Beyond the homework specific files, you can use the following resources. It is important to note that Transformers are compute heavy, and it is much easier to train if you’re on GPU hardware when training. You won’t need to train until you’ve completely finished your Python coding, so you can save your Google credits until the end. There are a variety of ways that you can secure GPU’s. To set resources, here are some options:
- Google Cloud Platform VMs: remember to shutdown / delete if using GPU’s
- Google Cloud Workbench JupyterLab: remember to shutdown / delete if using GPU’s
- Google Colabs: remember to close your session if using the T4 GPU.
For any of the options above, you may find more luck in securing GPUs using the more expensive NVIDIA L4
GPU Type. (Just remember to shut it off right after usage).

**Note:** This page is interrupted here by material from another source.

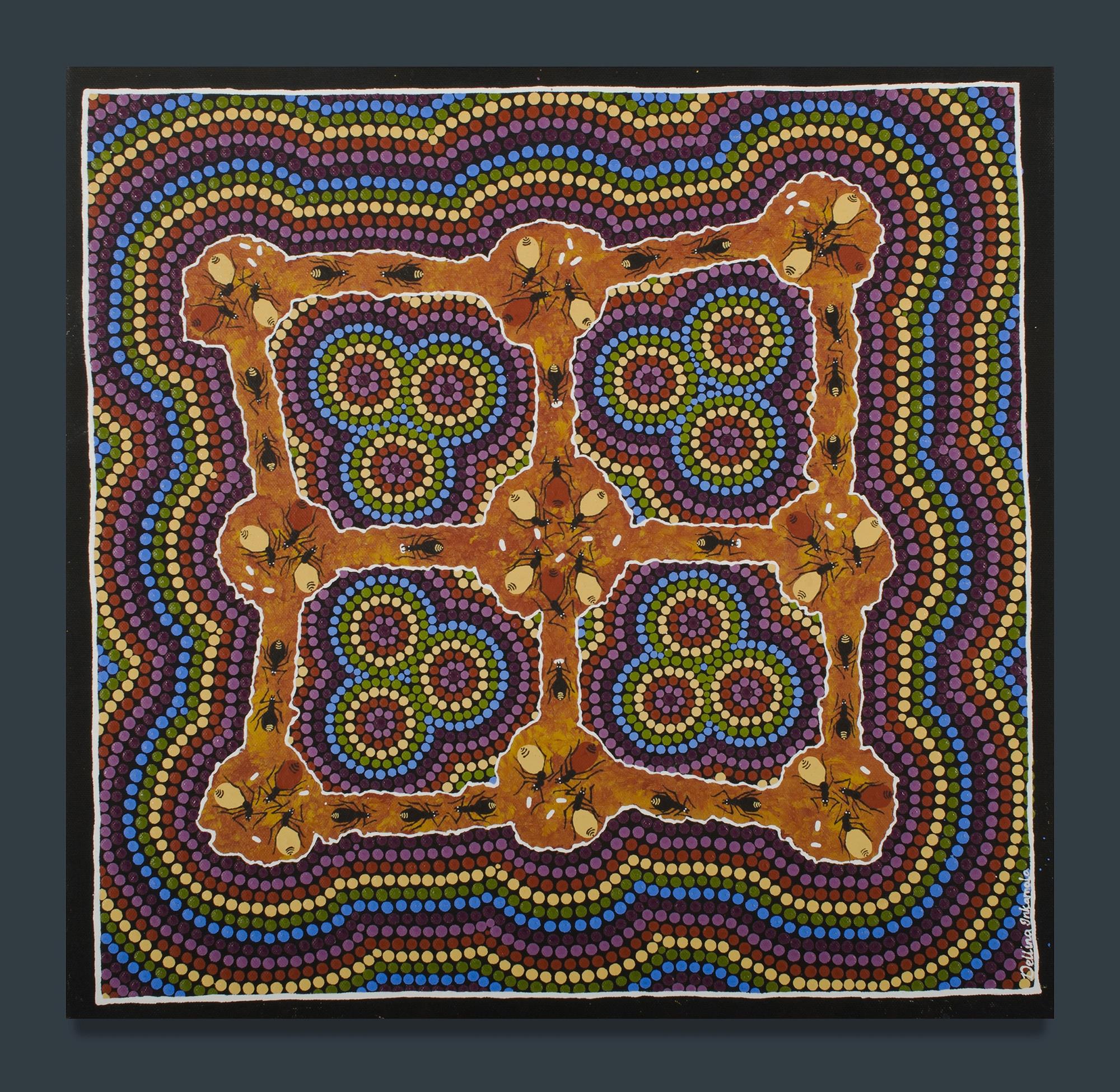 INKAMALA, Dellina (Aboriginal b.1984) 'Honey Ant Dreaming,' 2008. Acrylic on Canvas 49x48cm PROVENANCE: Ngurratjuta Art Centre, cat #NGUR08-DIN7581 (certificate of authenticity included); private collection, ACT.Estimate $60-120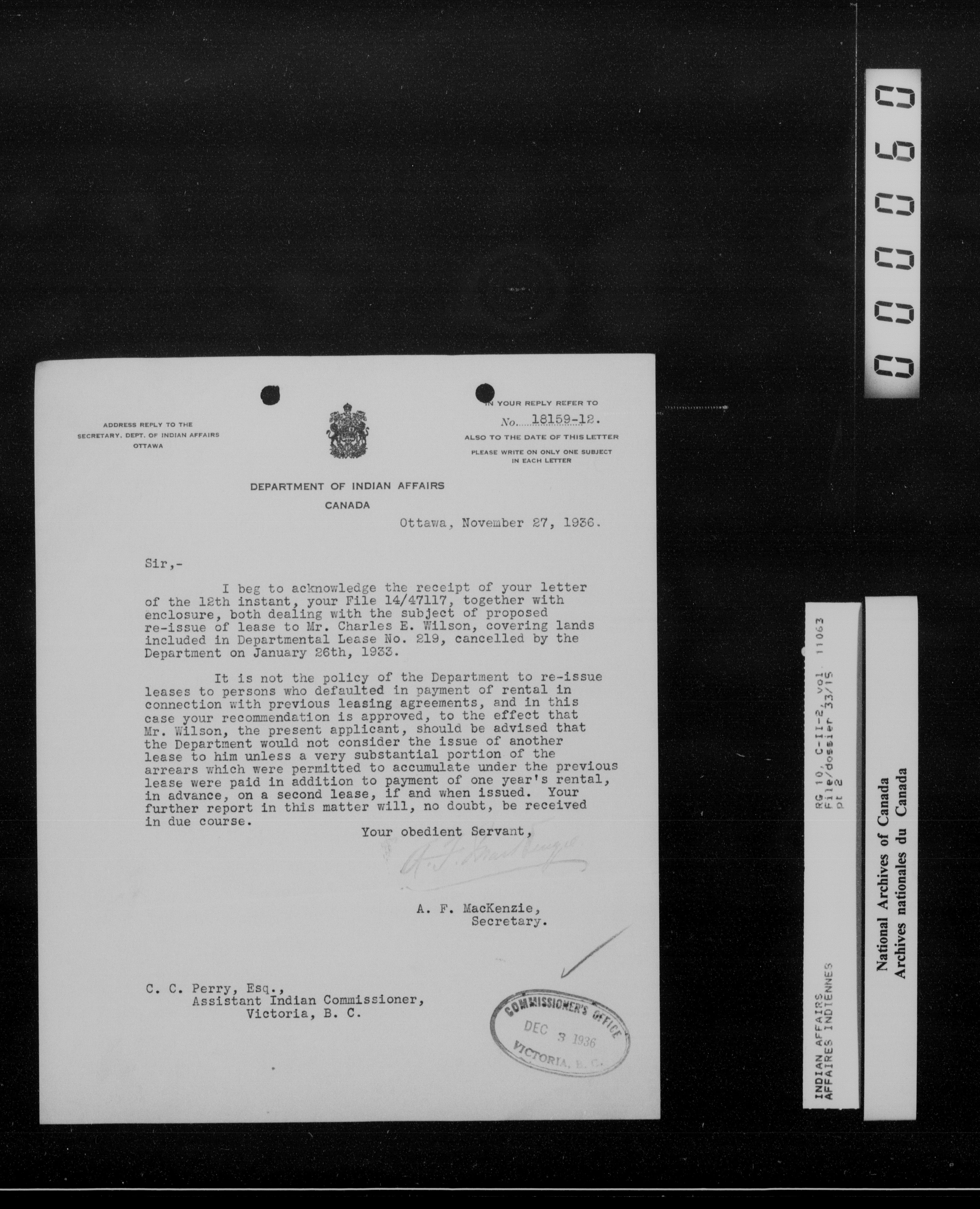 Department of Indian Affairs : Indian Commissioner for British Columbia : T-16094

You can check whether or not CUDA and Tensorflow are appropriately installed with nvidia-smi
and tf.config.list_physical_devices('GPU')
. In Colabs, your only available option is the T4
GPU. If you hang on to the T4
for too long, though, Google may shut you out of your account for a while so make sure you close your session. On GPU’s, each iteration is around 20 seconds (except for the first iteration, which is 40 seconds). On CPU’s, each iteration is around 20 minutes.
Note: all the unit tests in the homework were conducted with tensorflow version 2.18.0
. There are minor differences in the tensorflow versions. You can check your version with:
import tensorflow as tf
tf.__version__
submission instructions
Submit your Python solution in assignment7.py to Gradescope.